Появление «академии» имело роковое значение в нашем летнем сезоне, потому что послужило поворотным пунктом. Приходилось отсиживаться в своей избушке. На прогулки я выходил или ранним утром, или поздним вечером. Мне казалось, что все указывают на нас пальцами. Ничего не оставалось, как углубиться в роман для Ивана Иваныча, что я и делал. Правда, что эта роль падшего ангела доставалась нелегко, но человек может привыкнуть ко всему. Вообще было скверно и гадко на душе, и я долго не мог забыть нашей дикой прогулки по Второму Парголову. Специально для Пепки этот день принес некоторые специальные огорчения. Оказалось, что Анна Петровна приезжала с специальной миссией завести переговоры с Пепкой относительно Любочки, о положении которой она знала от Федосьи. Первая неудача не остановила медичку, и она явилась к нам вторично, но на этот раз вместо «академии» столкнулась с самой Любочкой, встретившей ее крайне враждебно, как явную соперницу. Произошла пренелепая сцена, причем Пепко очутился в положении свиньи, которую палят на огне со всех сторон.
– Вас кто просил заступаться за меня? – наступала Любочка на Анну Петровну с каким-то бабьим азартом. – Это мое дело…
– Да ведь я в ваших же интересах хотела поговорить с Агафоном Павловичем…
– Покорно благодарю… Знаю я, какие у вас интересы. Отбить хотите у меня Агафона Павловича, вот и весь сказ… Меня не проведете. А еще студентка!..
– Послушайте, вы забываетесь…
– Нет, это вы забываетесь и считаете меня круглой дурой. Не беспокойтесь, живая не дамся в руки. Не таковская… Самой дороже стоит. Я ведь не посмотрю, что вы ученая, и прямо глаза выцарапаю… да. Я в ваши дела не мешаюсь: любите, кого хотите, а меня оставьте.

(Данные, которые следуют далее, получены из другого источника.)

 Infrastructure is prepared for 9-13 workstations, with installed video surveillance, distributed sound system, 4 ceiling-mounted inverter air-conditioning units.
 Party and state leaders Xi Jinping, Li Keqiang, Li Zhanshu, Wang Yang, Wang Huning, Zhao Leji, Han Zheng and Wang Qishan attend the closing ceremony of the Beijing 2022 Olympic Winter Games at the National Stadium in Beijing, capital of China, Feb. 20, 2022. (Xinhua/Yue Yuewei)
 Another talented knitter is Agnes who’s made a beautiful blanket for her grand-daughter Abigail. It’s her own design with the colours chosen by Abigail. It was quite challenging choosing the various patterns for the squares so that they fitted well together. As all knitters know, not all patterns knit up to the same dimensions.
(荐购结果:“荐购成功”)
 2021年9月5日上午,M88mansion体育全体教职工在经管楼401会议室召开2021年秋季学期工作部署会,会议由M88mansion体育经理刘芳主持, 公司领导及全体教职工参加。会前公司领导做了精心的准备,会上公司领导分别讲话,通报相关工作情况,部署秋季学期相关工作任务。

Дальше последовала непритворная истерика, угрозы по неизвестному адресу и вообще скандал в благородном семействе. Положение Пепки было самое отчаянное, и он молча скрежетал зубами.
– Значит, мне остается только уходить? – закончила сцену Анна Петровна, обращаясь к Пепке. – Я вступилась в это дело именно потому, что имею несчастие принадлежать к одной с вами корпорации, и могу только пожалеть…

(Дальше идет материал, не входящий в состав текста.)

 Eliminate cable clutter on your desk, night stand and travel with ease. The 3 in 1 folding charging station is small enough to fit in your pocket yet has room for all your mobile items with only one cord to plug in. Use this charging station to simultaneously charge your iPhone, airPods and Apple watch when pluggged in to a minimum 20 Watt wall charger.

– И уходите, и не нужно!.. – голосила Любочка. – Жениха вы себе ищете, вот что… Да не туда попали. Адрес не тот…
В сущности своим неистовым поведением Любочка спасла Пепку в глазах Анны Петровны.
– Это ужасно… ужасно… – повторяла она, когда я провожал ее на вокзал.
– Да, и не совсем красиво…
– И вы можете так спокойно говорить об этом? – возмущалась Анна Петровна уже по моему адресу. – Какая испорченность…
– Будемте справедливы, Анна Петровна: при чем же я-то тут? Поставьте себя на мое место. Вообще самая грустная ошибка.
– Хороша ошибка!.. И такая женщина… Нет, скажите мне, что могло их связать?
При всем желании дать основательный ответ на этот наивный вопрос, я только должен был пожать плечами. Мы говорили на двух разных языках.
XXV
Наш летний сезон закончился «историей серого человека», о которой я и расскажу здесь, хотя и приходится несколько забежать вперед.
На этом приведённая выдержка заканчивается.